The Central Criminal Court was told that her son-in-law, Colin Pinder, killed her 43-year-old husband, Bernard Brian McGrath, and the pair burnt and disposed of his body in a hole in the back garden of his home in Coole, Co Westmeath.

In sentencing, Mr Justice Paul Carney said because McGrath had served the time, she had “credit in the bank” and had “a get out of jail free card”.

“This is a most upsetting case making me feel physically ill,” said Mr Justice Carney.

The judge said she will have to go to prison for processing, but will be entitled to be released.

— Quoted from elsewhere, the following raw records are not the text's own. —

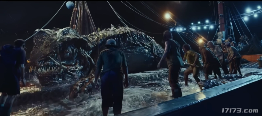 第二支呈现渔民捕获的巨型海洋生物腹部骤然裂开,一个人从其中钻出来的超现实场景。
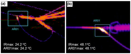 Wherever any cause generates heat, thermal imaging measurements become an indispensable diagnostic tool [,,]. Thermal imaging can be an effective method for tracking various processes whose course is associated with changes in emissivity or temperature over time or with variations in the thermal images of individual objects [,]. To assess, for example, the type of damage in electrical installation based on thermograms, it is additionally necessary to carry out numerous tests and comparative analyses. A comparison with X-ray methods comes to mind here, where, without being a specialist, it is not possible to properly interpret an X-ray image. In the field of thermal imaging measurements, as in X-ray, specialization is also required, considering the characteristics of the individual fields of application and the ability to perform examinations and interpret the results correctly [,].
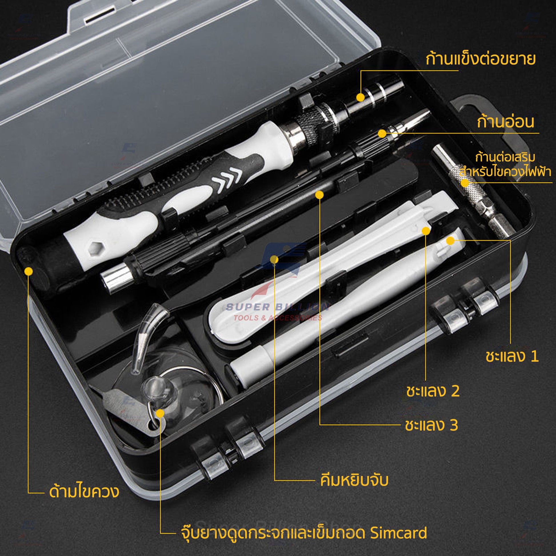 ครบเซ็ตในกล่องเดียว เหมาะสำหรับการซ่อมแซมอุปกรณ์อิเล็กทรอนิกส์ทุกชนิด เช่น โทรศัพท์มือถือ Laptop คอมพิวเตอร์ กล้อง โดรน นาฬิกา และอุปกรณ์อื่น ๆ
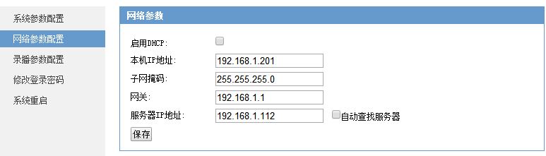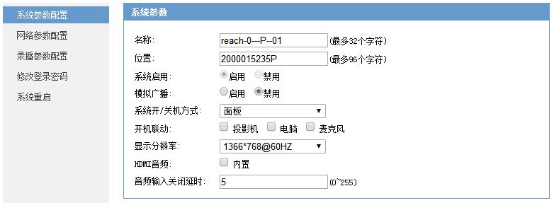 06.如果需要远程控制设备功能,请点击网络参数配置,为设备设定一个IP地址。在同一个网段时服务器IP地址建议自动获取,如在跨网段工作时,请给设备设定服务器的IP地址。 07.如果需要使用录播,请点击录播参数配置。 08.所有的参数设置完成后,点击系统重启,全部功能才能生效启用。
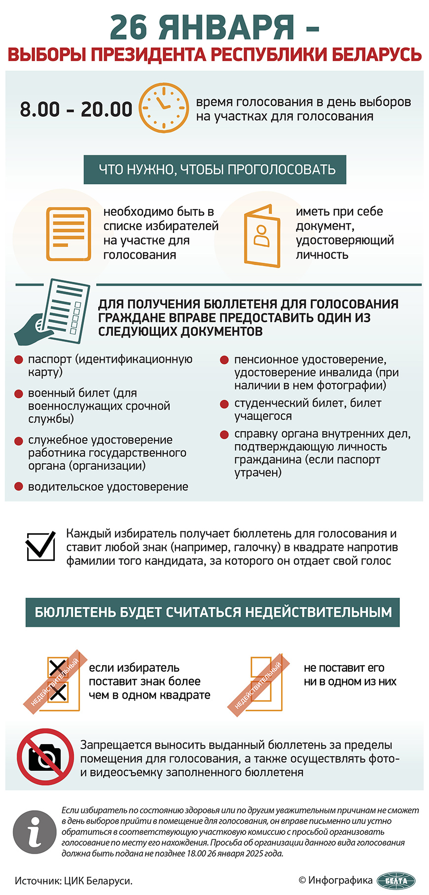 На территории страны образовано 5325 участков для голосования. Они будут работать сегодня с 8.00 до 20.00. Избиратели, включенные в списки, смогут получить бюллетень для голосования при предъявлении паспорта (ID-карты). Кроме того, можно предоставить и другой документ, который подтверждает личность, – водительское удостоверение, удостоверение инвалида (если в нем есть фото) или пенсионное удостоверение. Для военнослужащих срочной службы предусмотрено предоставление военного билета, для работников государственных органов и организаций – служебного удостоверения. Если гражданин утерял паспорт (ID-карту) или их похитили, то органы внутренних дел выдают соответствующие справки, которые подтверждают личность. Молодежь может проголосовать по студенческому билету или билету учащегося.
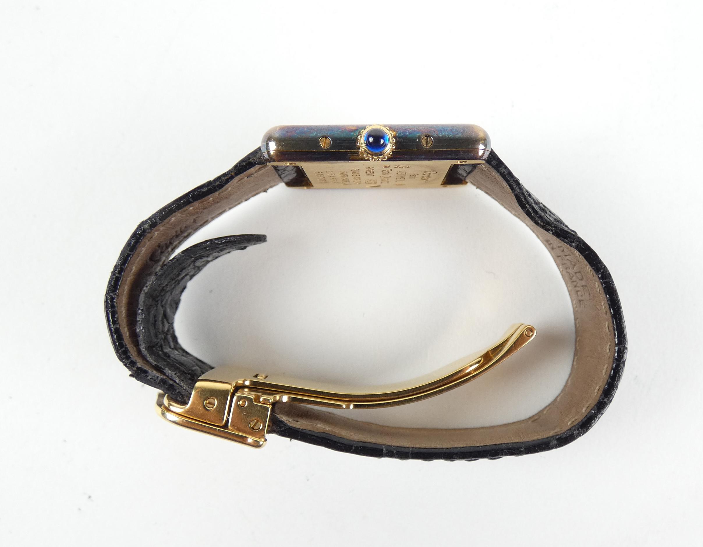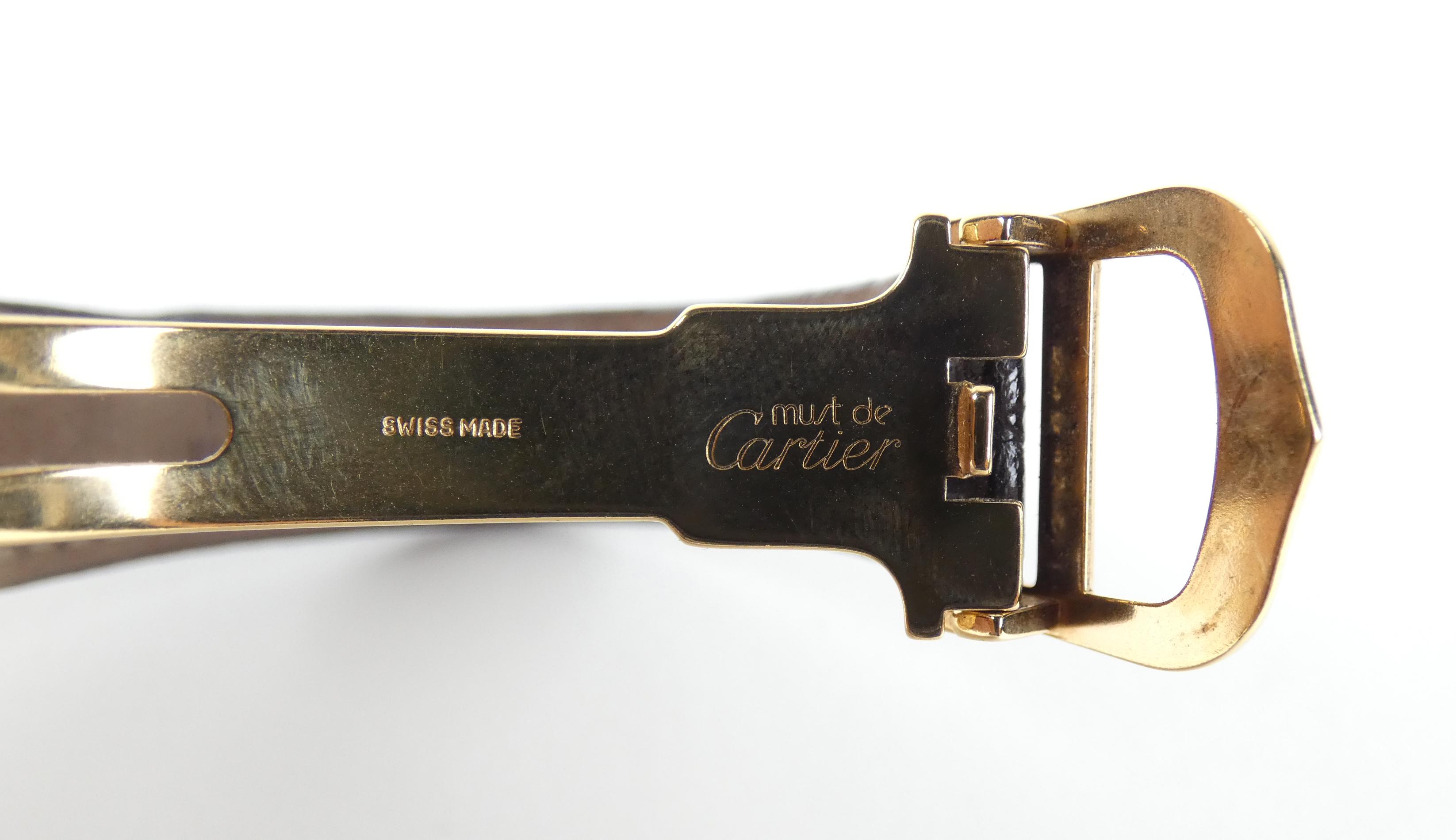 Bijou : Montre de Dame MUST de CARTIER modèle Tank en vermeil cadran Trinity mvt à quartz (en état) bracelet et boucle métal doré Cartier
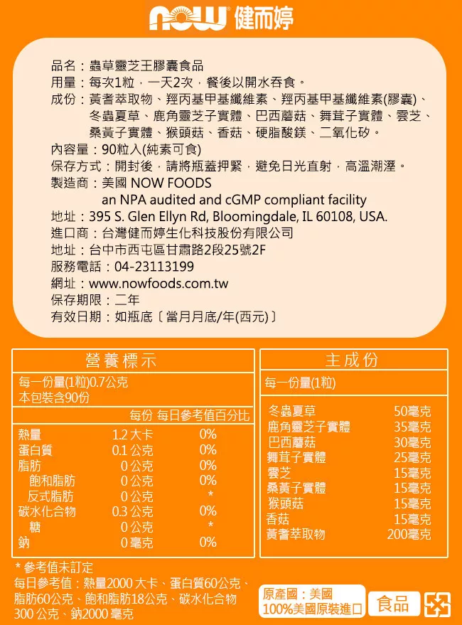 NOW健而婷-蟲草靈芝王(90顆-瓶) 評價
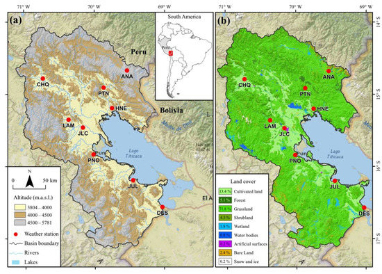 The study area is located in the Peruvian Lake Titicaca basin (PLTB). It is characterized as an endorheic basin system surrounded by the eastern and western mountain ranges. It limits to the north with the Amazon hydrographic region, to the south-west with the Pacific hydrographic region and to the east with the PLT of the Republic of Bolivia, with an altitude (Figure 1a) that varies from 3804 to 5781 m.a.s.l. According to the climatic classification of Peru, the PLT has a predominantly rainy climate type, with dry autumn and winter [31].
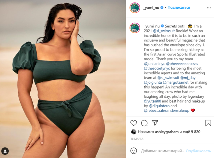 Юми Ну уже более 10 лет работает моделью плюс-сайз, и теперь она дебютирует на страницах популярного журнала Sports Illustrated.
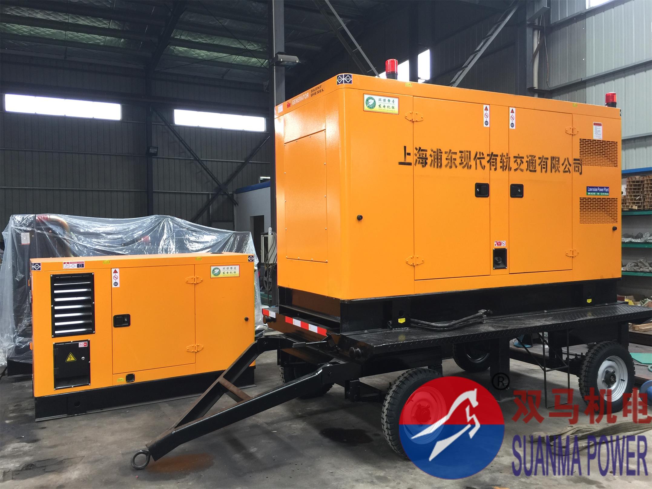 上海浦東現代有軌交通公司經過多家考察比對,最終選擇江蘇雙馬公司訂購了移動靜音發電機1臺作為試驗,機組采用上柴發動機配江蘇雙馬無刷電機,帶4輪移動底盤,靜" />

McGrath, who has no previous convictions, was arraigned before the court on Monday - charged with materially assisting the killer by disposing of evidence at Lower Coole, Westmeath.

The charge stated that manslaughter had been committed by Pinder, and it related to a date unknown between March 16 and April 18, 1987.

She pleaded guilty to the charge and the plea was accepted by the prosecution.

The judge took account of the facts “which are upsetting to the point of making someone physically ill having to listen to them”.

He also took account of her having no previous convictions, that she had co-operated with gardai, and that the case was old.

McGrath and Pinder were previously tried together. Pinder was convicted of manslaughter and was jailed for nine years.

But McGrath’s murder conviction was quashed by the Court of Criminal Appeal on March 11, 2013. Mr Justice Adrian Hardiman ordered a retrial because of prejudicial evidence.